From: Richard Fateman
Date: Thu, 15 Sep 2011 07:46:53 -0700
On 9/15/2011 1:50 AM, Michel Talon wrote:
> ...
> When we looked at these numbers we tried to compile the formulas. It made no
> difference. This is not suprising. When you write x+y in maxima, the + is
> not an ordinary plus, it is an MPLUS, and this simple formula goes through
> several steps before being recognized as the addition of two numbers.

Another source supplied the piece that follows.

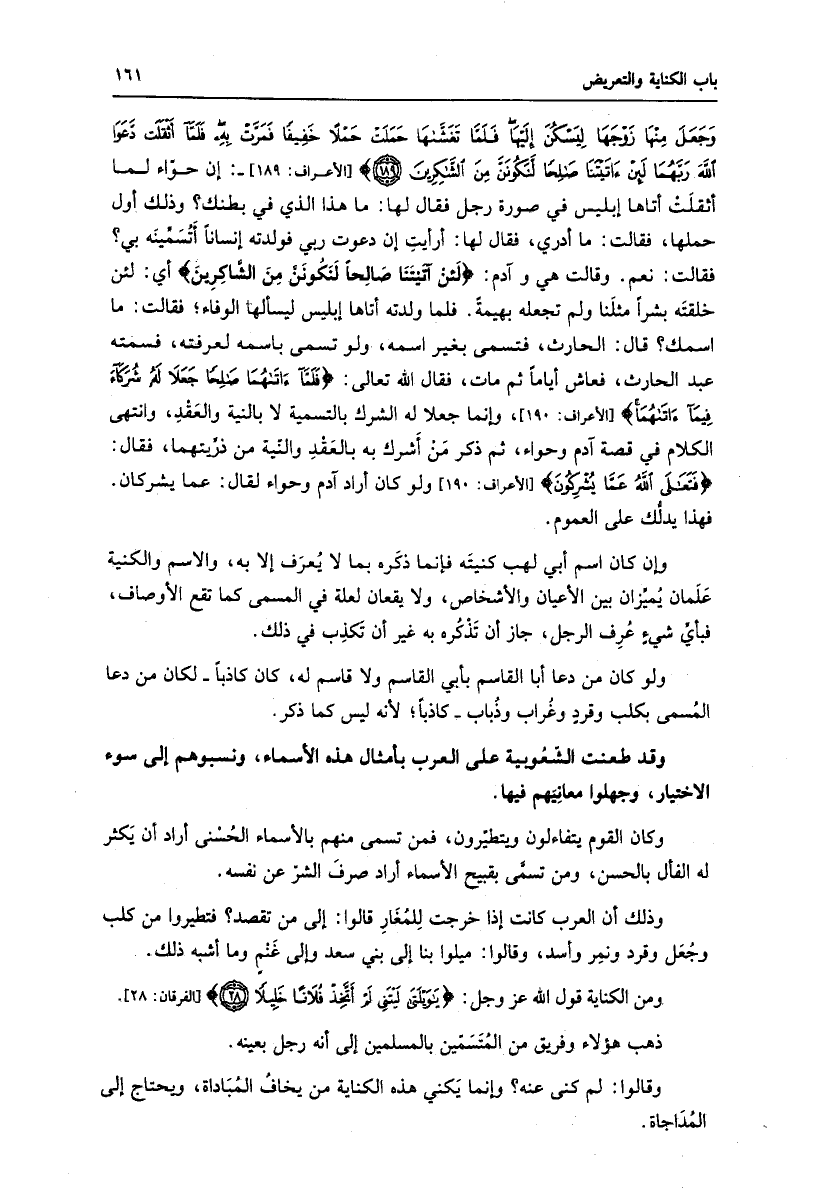 وإن كان اسم أبي لهب كنيته فإنما ذكره بما لا يعرف إلا به، والاسم والكنية علمان يميّزان بين الأعيان والأشخاص، ولا يقعان لعلة في المسمى كما تقع الأوصاف، فبأيّ شيء عرف الرجل، جاز أن تذكره به غير أن تكذب في ذلك.

> Compiling the formula doesn't change that.
If you know that x and y are always double-float numbers, then a
declaration is needed to
take advantage of this fact.
add2(x,y):=block([],mode_declare([x,y],float),x+y);
for i:1 thru 10000 do add2(3.0,4.0); takes 0.33 sec
compile(add2);
for i:1 thru 10000 do add2(3.0,4.0); takes 0.11 sec
for i:1 thru 10000 do nothing(x,y); takes 0.06 sec. (empty loop)
so speedup is about 5.4X
>
>
> I have here the profiling we did using sbcl. One of the routines which is
> most used and takes time is COLNEW::DAXPY
DAXPY is a fundamental part of LINPACK, I think. rewriting it could
make other things faster too.
unfortunately, if I understand the SBCL profiling, the time spent in the
28 calls DAXPY constitutes less than 1% of the time for the whole task.
the other colnew functions, approx and vwblok are also insignificant
(less than 1%).
The profile reveals that SIMPLIFYA and its subroutines take 20.5% of the
time.
If you know that all the variables are floats, then SIMPLIFYA should be
largely
removed by mode_declare and compiling.
> This routine is surprisingly simple, it just does linear combinations of 2
> columns of a matrix. It is 48 lines of fortran with comments! One of the
> comments is
> c constant times a vector plus a vector.
> c uses unrolled loops for increments equal to one.
> Perhaps this loop unrolling is beneficial in fortran but bad in lisp?
probably not "bad" in lisp, but maybe ineffective.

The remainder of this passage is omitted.